(Extracted entries begins)

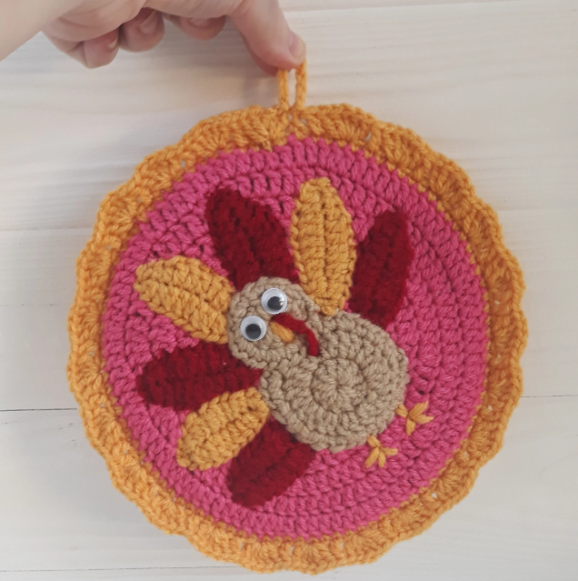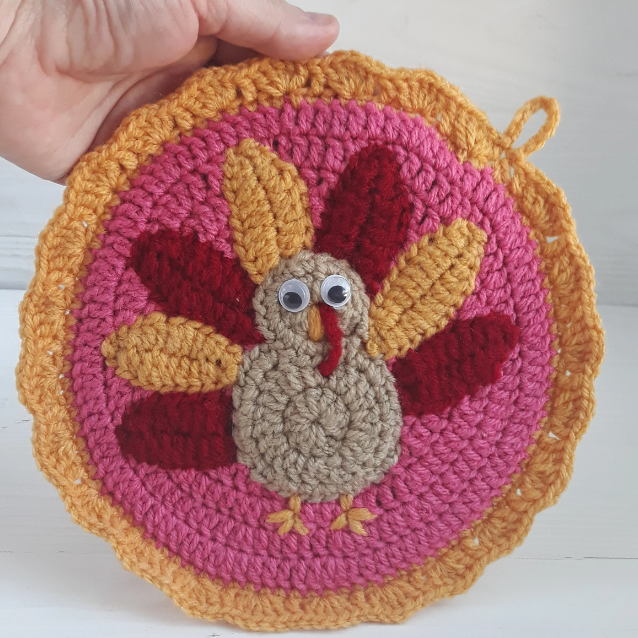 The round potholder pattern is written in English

(Extracted entries ends)
(Extracted entries begins)

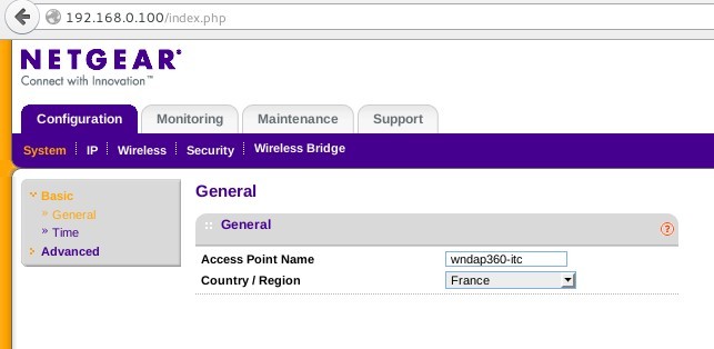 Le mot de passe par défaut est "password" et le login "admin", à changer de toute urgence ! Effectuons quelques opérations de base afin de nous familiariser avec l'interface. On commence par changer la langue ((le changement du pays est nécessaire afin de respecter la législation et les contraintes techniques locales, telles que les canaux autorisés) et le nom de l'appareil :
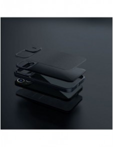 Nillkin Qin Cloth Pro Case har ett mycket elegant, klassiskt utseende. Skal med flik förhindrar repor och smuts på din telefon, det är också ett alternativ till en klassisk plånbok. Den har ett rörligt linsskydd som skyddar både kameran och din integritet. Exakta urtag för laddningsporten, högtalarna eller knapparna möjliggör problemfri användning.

(Extracted entries ends)

### Task item
Look above for the line with "Le mot de passe" and the line with "Nillkin Qin Cloth". Give again exactly those two lines and all lines between them, pictures excluded.

### Exercise response
 Le mot de passe par défaut est "password" et le login "admin", à changer de toute urgence ! Effectuons quelques opérations de base afin de nous familiariser avec l'interface. On commence par changer la langue ((le changement du pays est nécessaire afin de respecter la législation et les contraintes techniques locales, telles que les canaux autorisés) et le nom de l'appareil :
 Nillkin Qin Cloth Pro Case har ett mycket elegant, klassiskt utseende. Skal med flik förhindrar repor och smuts på din telefon, det är också ett alternativ till en klassisk plånbok. Den har ett rörligt linsskydd som skyddar både kameran och din integritet. Exakta urtag för laddningsporten, högtalarna eller knapparna möjliggör problemfri användning.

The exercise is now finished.